Why only one screen, and what happens next
Fixing and fully checking just one screen was never meant to be the finish line. It was meant to prove that the method itself is solid: trace every colour back to its real source in Figma, give it a name that matches, connect that name properly in code, and then check that it actually builds. The same steps are meant to be repeated across the rest of the app's colours, one at a time, each one checked properly before any code is touched.
A few colours are still waiting on a decision from the design side before they can be added, and those have been set aside for now.
The real result here was proving that two systems that had been disconnected for years, the design file and the actual app, can be brought back in sync, carefully and honestly, one verified step at a time.
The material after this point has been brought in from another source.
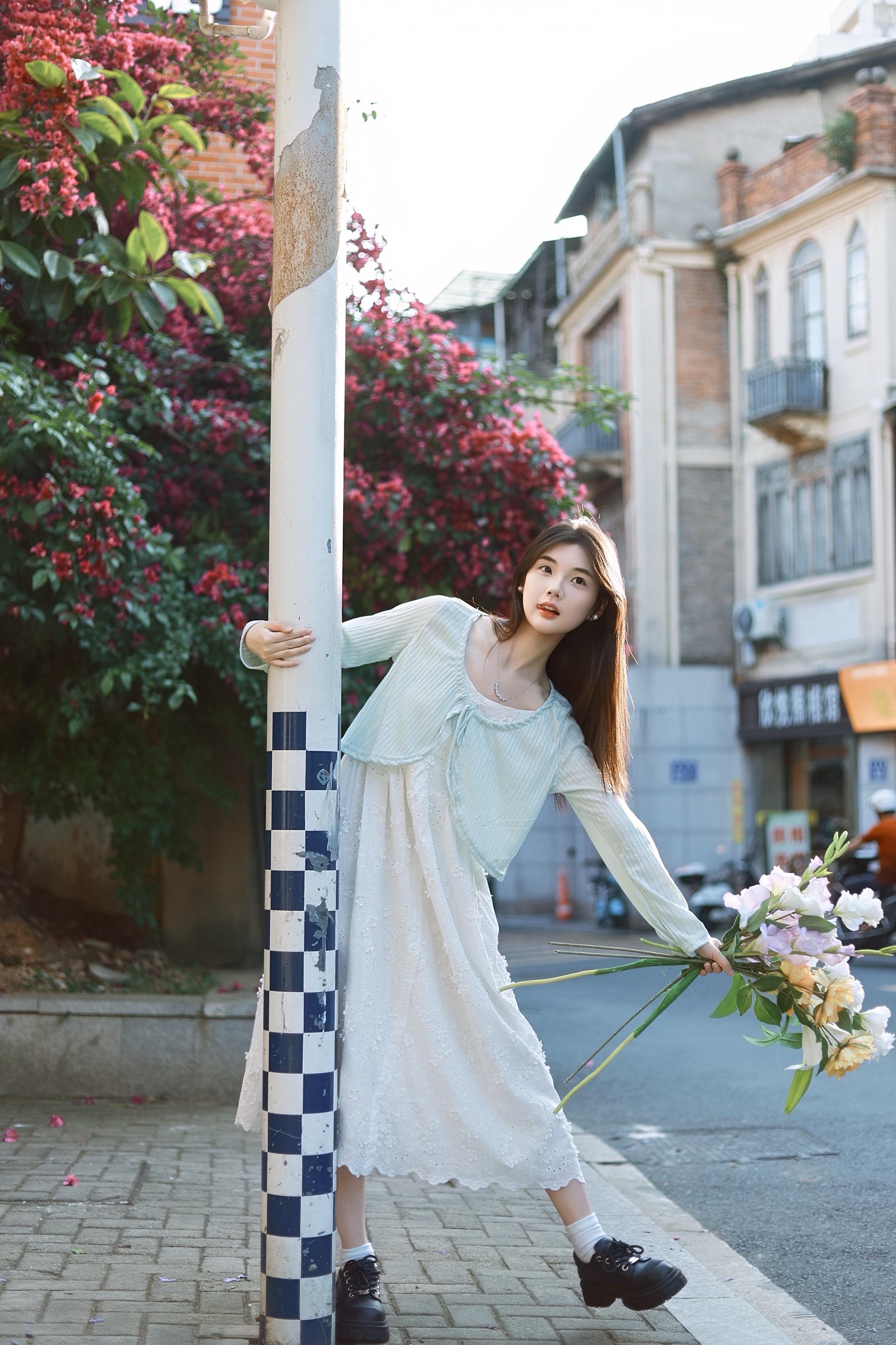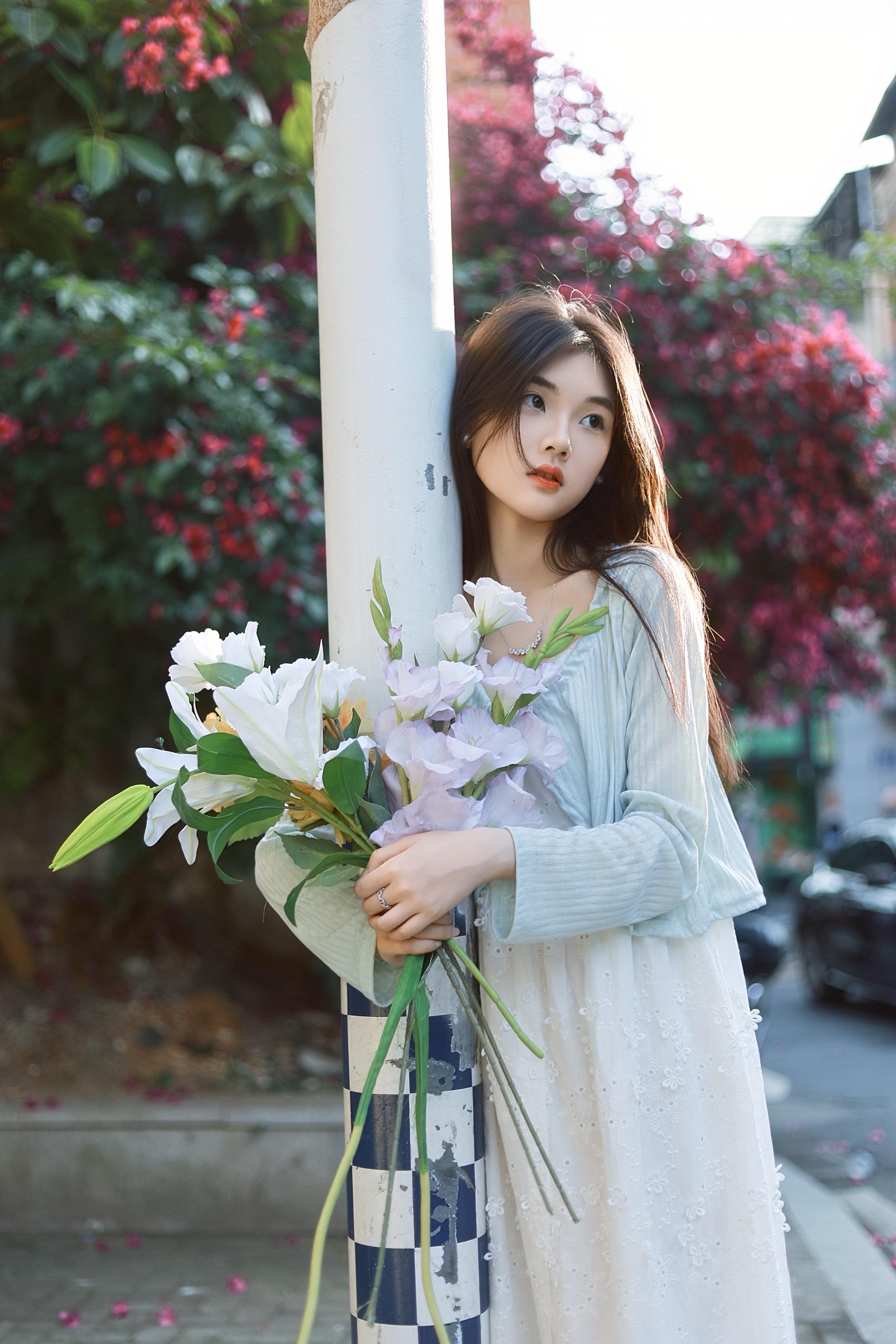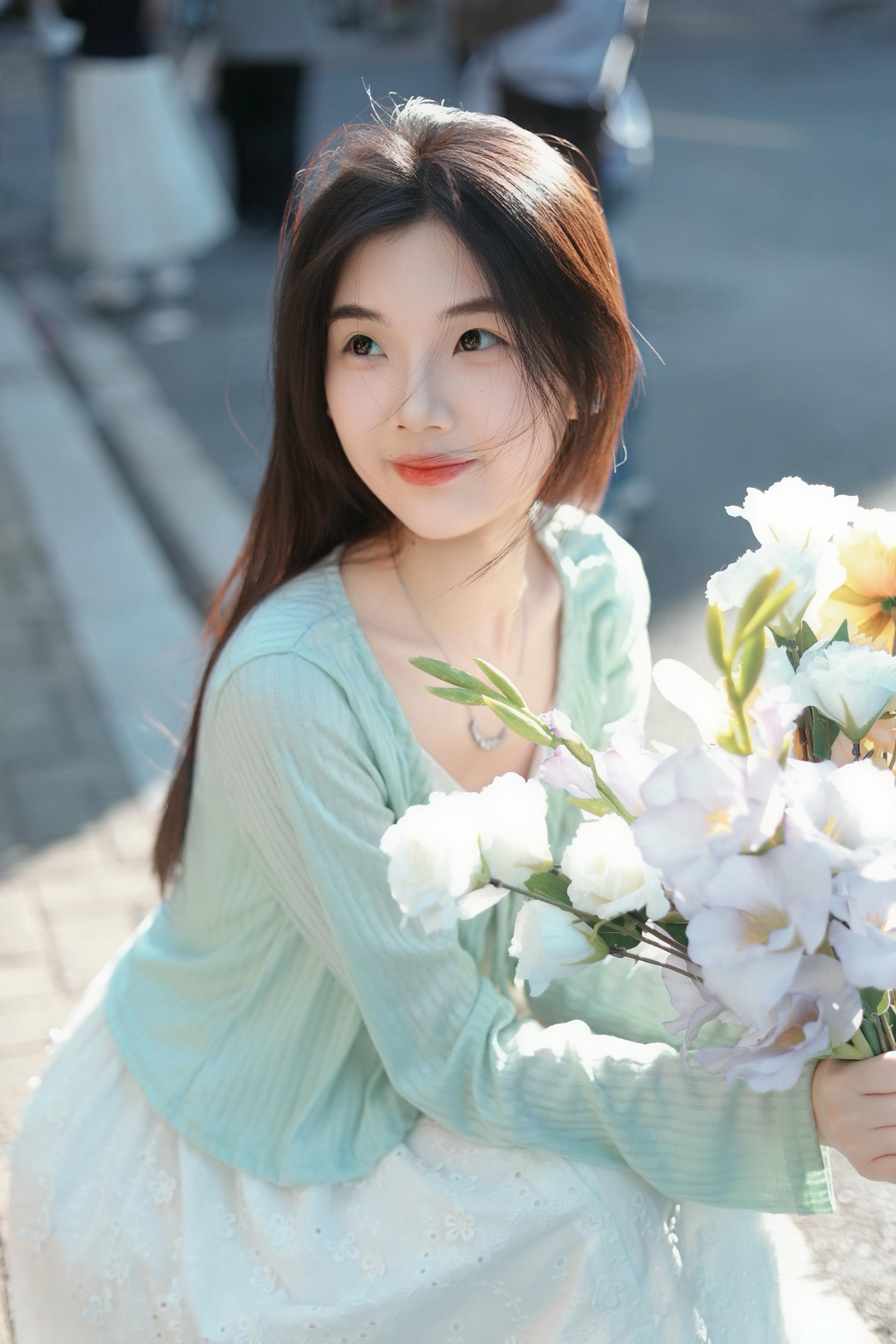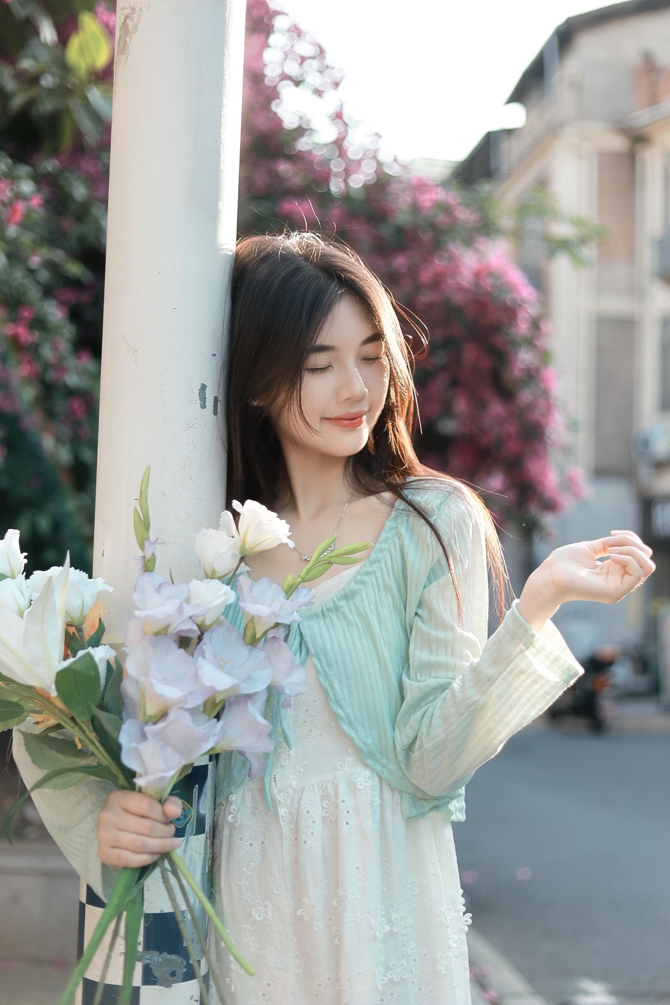 当阳光洒在身上,抱着花束的那一刻,突然明白:幸福不过是这样简单又美好的瞬间~

What this taught me about working with AI
This project changed how I think about using AI tools day to day, mostly because of how many times the easy, obvious answer turned out to be the wrong one. A few things stuck with me:
1- A confident answer isn't the same as a correct one
This project changed how I think about using AI tools day to day, mostly because of how many times the easy, obvious answer turned out to be the wrong one. A few things stuck with me:
2- Catching one mistake should make you check everything else
The easy move, after finding one wrong number, was to fix that one number and move on. The harder and more useful move was assuming the same mistake was probably hiding elsewhere, and going back to check work I'd already considered finished which is exactly where the other nine errors were waiting. My own ideas needed the same scrutiny
3-My own ideas needed the same scrutiny
At one point I suggested a tidy new naming system for the colours myself. It was wrong too it invented a vocabulary that didn't match what was already in the design file, which would have just created a second system to keep track of. The instinct to trust my own “better” idea over what already existed was just as risky as trusting the AI's first answer.
4- The scariest-looking number isn't always the real problem
One colour appeared to have a 97% mismatch with the design file which looked, for a moment, like a huge, expensive gap in the design system. It turned out to be one wrong, overused value, not 400 separate problems. Reacting to the size of a number before understanding where it came from is how you end up solving the wrong thing.